From 83ebca79ec5212217df7709efb72a2520f82d077 Mon Sep 17 00:00:00 2001
From: CentOS Sources <bugs@centos.org>
Date: May 20 2020 11:37:50 +0000
Subject: import libxml2-2.9.1-6.el7.4
---
diff --git a/SOURCES/libxml2-2.9.1-CVE-2015-8035.patch b/SOURCES/libxml2-2.9.1-CVE-2015-8035.patch
new file mode 100644
index 0000000..056faa4
--- /dev/null
+++ b/SOURCES/libxml2-2.9.1-CVE-2015-8035.patch
@@ -0,0 +1,31 @@
+From f0709e3ca8f8947f2d91ed34e92e38a4c23eae63 Mon Sep 17 00:00:00 2001
+From: Daniel Veillard <veillard@redhat.com>
+Date: Tue, 3 Nov 2015 15:31:25 +0800
+Subject: [PATCH] CVE-2015-8035 Fix XZ compression support loop
+
+For https://bugzilla.gnome.org/show_bug.cgi?id=757466
+DoS when parsing specially crafted XML document if XZ support
+is compiled in (which wasn't the case for 2.9.2 and master since
+Nov 2013, fixed in next commit !)
+---
+ xzlib.c | 4 ++++
+ 1 file changed, 4 insertions(+)
+
+diff --git a/xzlib.c b/xzlib.c
+index 0dcb9f48..1fab5463 100644
+--- a/xzlib.c
++++ b/xzlib.c
+@@ -581,6 +581,10 @@ xz_decomp(xz_statep state)

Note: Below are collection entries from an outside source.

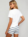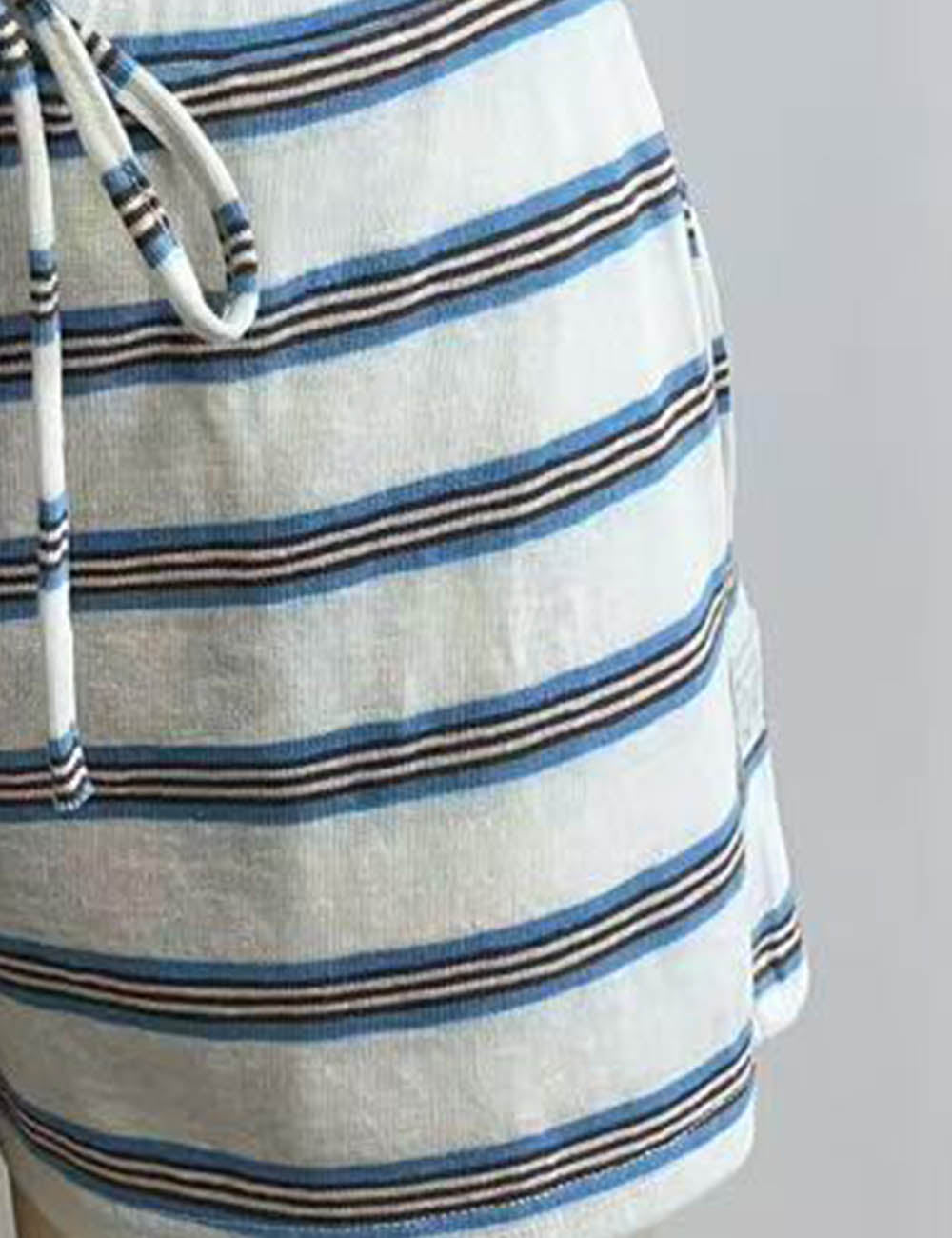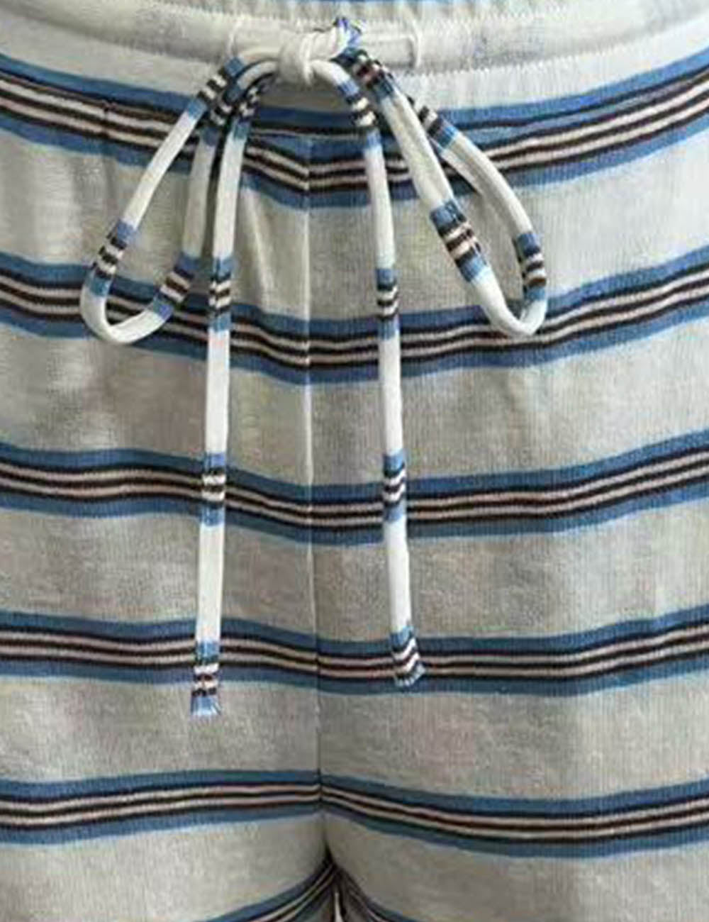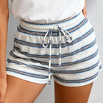 Ladies Striped Elastic Waist Drawstring Wide Leg Shorts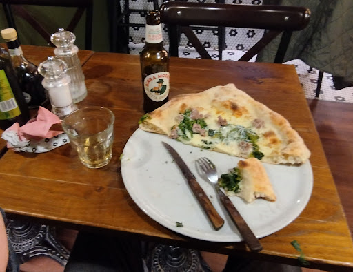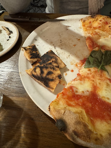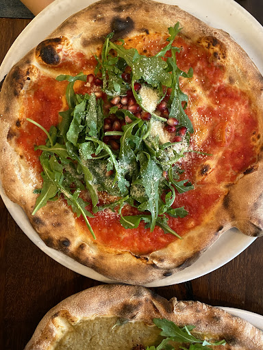Let's get us started with the dough. It clearly rests at least 24 hours, is baked in an wood oven and tastes perfect. There is still a little problem with the pizza variations that they offer with tomato sauce, as the center gets wet and does not stay crunchy. The solution they offer is quite good and smart: many of their pizzas do not have tomato sauce. Tr them. You won't be disappointed.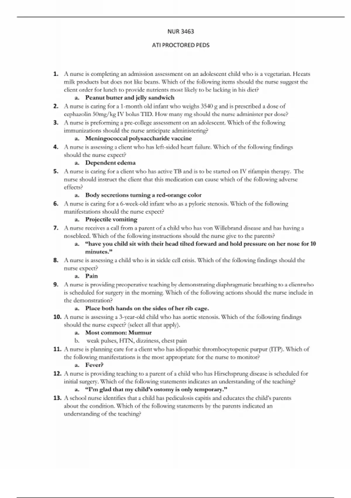 ATI PROCTROED PEDIATRIC NUR QUESTIONS AND ANSWERS 2023. MOST RECENT WITH 100% SCORES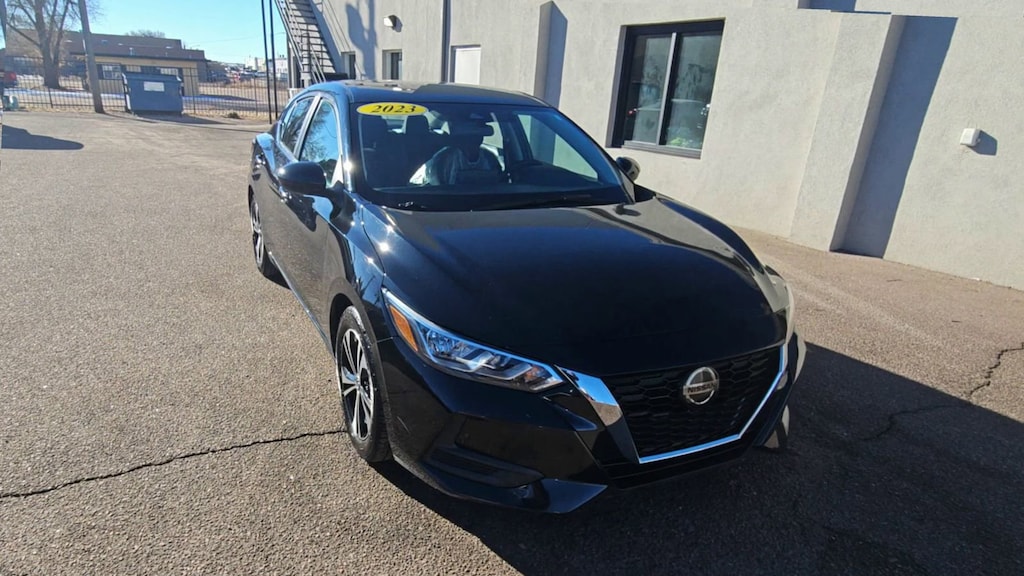 Super Black 2023 Nissan Sentra SV FWD CVT with Xtronic 2.0L DOHC CVT with Xtronic, Charcoal Cloth, 16 Alloy Wheels, Electronic Stability Control, Midyear Change, Passenger door bin, Rear side impact airbag, Remote keyless entry, Steering wheel mounted audio controls.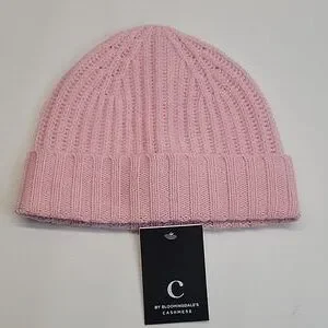 NWT C by Bloomingdale's Cashmere Ribbed Beanie Powder Pink One Size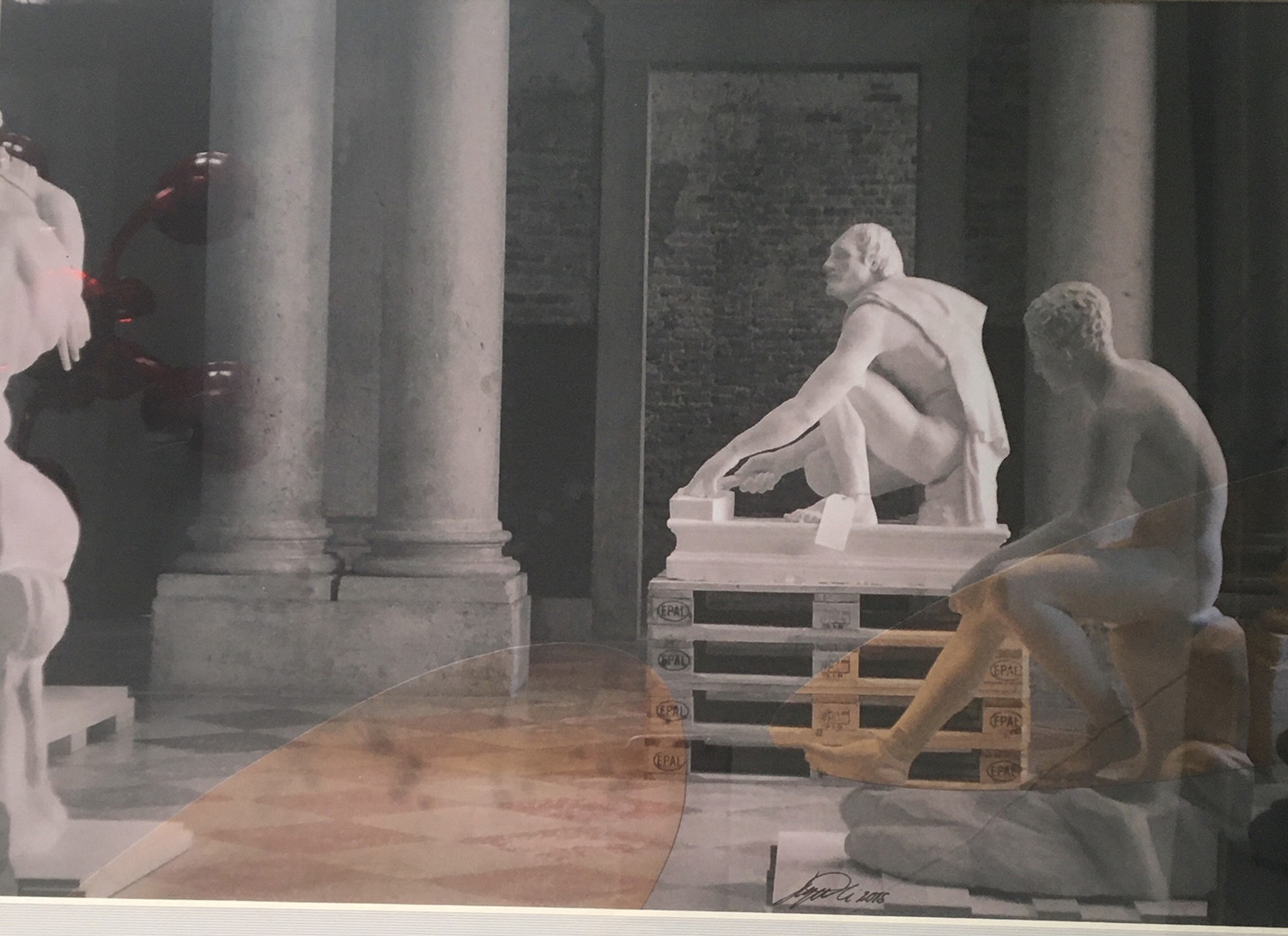 Venice, from 2015, pigments on photographic paper 40x50, piece unique, with a color photo collage insert, there aren't any other copies or similar in other formats and is inkjet printed. Signed on the label front of the artist.

+ xz_error(state, LZMA_DATA_ERROR, "compressed data error");
+ return -1;
+ }
++ if (ret == LZMA_PROG_ERROR) {
++ xz_error(state, LZMA_PROG_ERROR, "compression error");
++ return -1;
++ }
+ } while (strm->avail_out && ret != LZMA_STREAM_END);
+
+ /* update available output and crc check value */
+--
+2.22.0
+
diff --git a/SOURCES/libxml2-2.9.1-CVE-2016-5131.patch b/SOURCES/libxml2-2.9.1-CVE-2016-5131.patch
new file mode 100644
index 0000000..8e77405
--- /dev/null
+++ b/SOURCES/libxml2-2.9.1-CVE-2016-5131.patch
@@ -0,0 +1,131 @@
+commit 3189fa5b5d1cce13e70cf282936736b2e7889a46
+Author: Nick Wellnhofer <wellnhofer@aevum.de>
+Date: Tue Jun 28 14:22:23 2016 +0200
+
+ Fix XPointer paths beginning with range-to
+
+ The old code would invoke the totally broken xmlXPtrRangeToFunction.
+ range-to isn't really a function but a special kind of location step.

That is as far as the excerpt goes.